I recently started working on hashl (no project page yet), inspired by (hashcp)[https://github.com/craig/hashcp]. It creates a list of all files below a directory and also stores a hash of their beginning (by default the first 4 MiB, but that's configurable. For music, I usually use 512KiB).
This way, when you find an FTP server or whatever, you don't have to mirror everything and later check if you already have it, but you can tell hashl to scan all files on the FTP server, download only the first few kilo-/megabytes and use those to check if you possibly already have the file on your disk. This of course doesn't prevent having one file in several versions, but against pure duplicates (which are also common) it works well.
So, you don't have to worry about duplicates, and as a side effect, leeching is faster because you do not even transfer any duplicate files.
Or, my usecase: I have an external hard disk for all my videos, and a directory on my netbook containing just a few of them. New videos also end up on the netbook. The hard disk is mounted on /media/argon, the netbook dir is ~/lib/video. hashl stores its database in .hashl.db, /media/argon/.hashl.db is a symlink to ~/lib/video/.argon. ~/lib/video/.hashl.db also points there.

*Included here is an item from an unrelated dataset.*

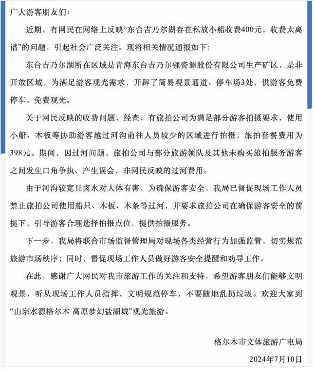 7月10日晚,格尔木文旅发布通报:近期,有网民在网络上反映“东台吉乃尔湖存在私放小船收费400元,收费太离谱”的问题,引起社会广泛关注。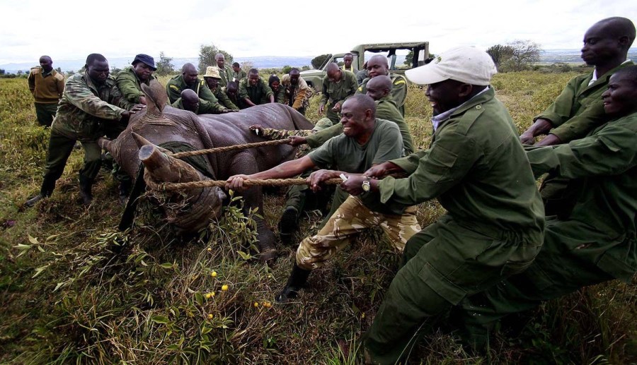 موظفون بقسم إدارة الحياة البرية في كينيا يضعون كركدن مخدراً في قفص بحديقة بحيرة ناكورو الوطنية تقع على بعد 160 كيلومتراً غرب نيروبي توطئة لنقله إلى حديقة لوما الوطنية

Now, I can use these neat commands:
# whenever I mount the external hard disk, I update the list
descent /media/argon > hashl update
# same, but more verbose
descent /media/argon > hashl -d ~/lib/video/.argon update
# Now, to find out which files in my netbook directory are new (not yet copied)
descent ~/lib/video > hashl find-new
# same
descent ~/lib/video > hashl -d .argon find-new
# As an advantage, I can also use this on remote servers. Let's say I have an
# FTP mounted on /tmp/ftp/foo and the external disk is not connected. I can
# still only leech the videos I do not yet have.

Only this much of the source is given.